Subject: [tip:x86/platform] x86: Quark: Comment setup_arch() to document TLB/PGE bug

Commit-ID: 2075244f9b871f18a007935c73d2ab49d4fb43e0
Gitweb: http://git.kernel.org/tip/2075244f9b871f18a007935c73d2ab49d4fb43e0
Author: Bryan O'Donoghue <[email protected]>
AuthorDate: Tue, 7 Oct 2014 01:19:48 +0100
Committer: Thomas Gleixner <[email protected]>
CommitDate: Wed, 8 Oct 2014 10:07:46 +0200

x86: Quark: Comment setup_arch() to document TLB/PGE bug

Quark SoC X1000 advertises Page Global Enable for it's
Translation Lookaside Buffer via cpuid.

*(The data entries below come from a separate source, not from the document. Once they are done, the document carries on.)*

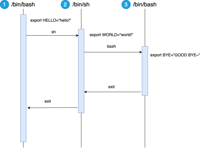 처음 로그인 쉘인 (1) /bin/bash에서 export를 이용해서 HELLO를 환경 변수로 등록하고 sh로 새로운 쉘을 시작합니다. 이때 (2)/bin/sh로 실행되는 환경이 바뀌게 됩니다. 여기서도 export를 이용해서 WORLD를 환경 변수로 등록하고 다시 새로운 (3)bash 쉘을 실행시켜서 실행 환경을 바꿉니다. 여기서 BYE라는 환경 변수를 등록합니다.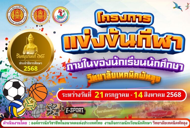 ประกาศ วิทยาลัยเทคนิคพัทลุง แจ้งหยุดเรียนกรณีพิเศษ 2 วัน ระหว่างวันที่ 20-21 พฤศจิกายน 2568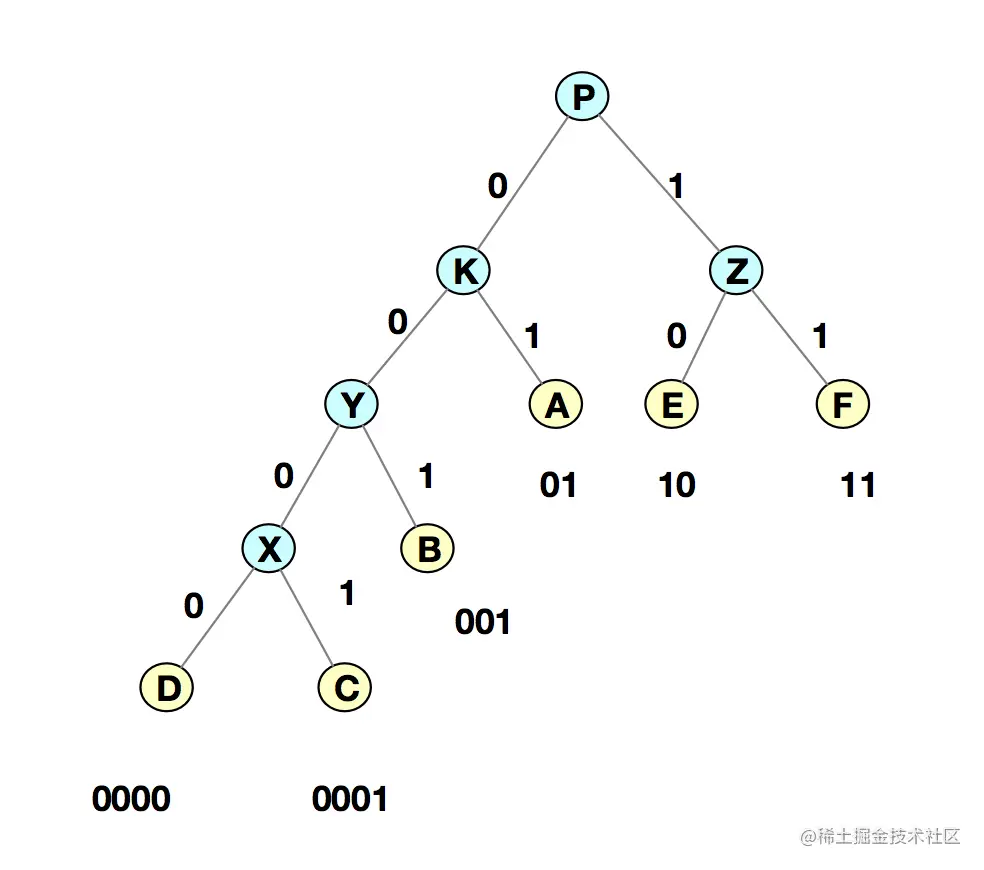 然后,我们给每一条边加上一个权值,指向左子节点的边记为 0,指向右子节点的边,标记为 1,那从根节点到叶节点的路径就是叶节点对应字符的哈夫曼编码。

The silicon does not
in fact support PGE and hence will not flush the TLB when CR4.PGE
is rewritten. The Quark documentation makes clear the necessity to
instead rewrite CR3 in order to flush any TLB entries, irrespective
of the state of CR4.PGE or an individual PTE.PGE

See Intel Quark Core DevMan_001.pdf section 6.4.11

In setup.c setup_arch() the code will load_cr3() and then do a
__flush_tlb_all().

On Quark the entire TLB will be flushed at the load_cr3().
The __flush_tlb_all() have no effect and can be safely ignored.

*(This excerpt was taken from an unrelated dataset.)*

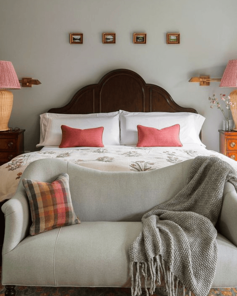 One bed, two bedside tables, four pictures and five pillows, creating a triangle.

Later on in the boot process we switch off the flag for cpu_has_pge()
which means that subsequent calls to __flush_tlb_all() will
call __flush_tlb() not __flush_tlb_global() flushing the TLB in the
correct way via load_cr3() not CR4.PGE rewrite

This patch documents the behaviour of flushing the TLB for Quark in
setup_arch()

Comment text suggested by Thomas Gleixner

Signed-off-by: Bryan O'Donoghue <[email protected]>
Cc: [email protected]
Cc: [email protected]
Link: http://lkml.kernel.org/r/[email protected]
Signed-off-by: Thomas Gleixner <[email protected]>
---
arch/x86/kernel/setup.c | 9 +++++++++
1 file changed, 9 insertions(+)

diff --git a/arch/x86/kernel/setup.c b/arch/x86/kernel/setup.c
index 41ead8d..235cfd3 100644
--- a/arch/x86/kernel/setup.c
+++ b/arch/x86/kernel/setup.c
@@ -879,6 +879,15 @@ void __init setup_arch(char **cmdline_p)
KERNEL_PGD_PTRS);

load_cr3(swapper_pg_dir);
+ /*
+ * Note: Quark X1000 CPUs advertise PGE incorrectly and require
+ * a cr3 based tlb flush, so the following __flush_tlb_all()
+ * will not flush anything because the cpu quirk which clears
+ * X86_FEATURE_PGE has not been invoked yet. Though due to the
+ * load_cr3() above the TLB has been flushed already. The
+ * quirk is invoked before subsequent calls to __flush_tlb_all()
+ * so proper operation is guaranteed.
+ */
__flush_tlb_all();
#else
printk(KERN_INFO "Command line: %s\n", boot_command_line);

Subject: [tip:x86/platform] x86: Add cpu_detect_cache_sizes to init_intel( ) add Quark legacy_cache()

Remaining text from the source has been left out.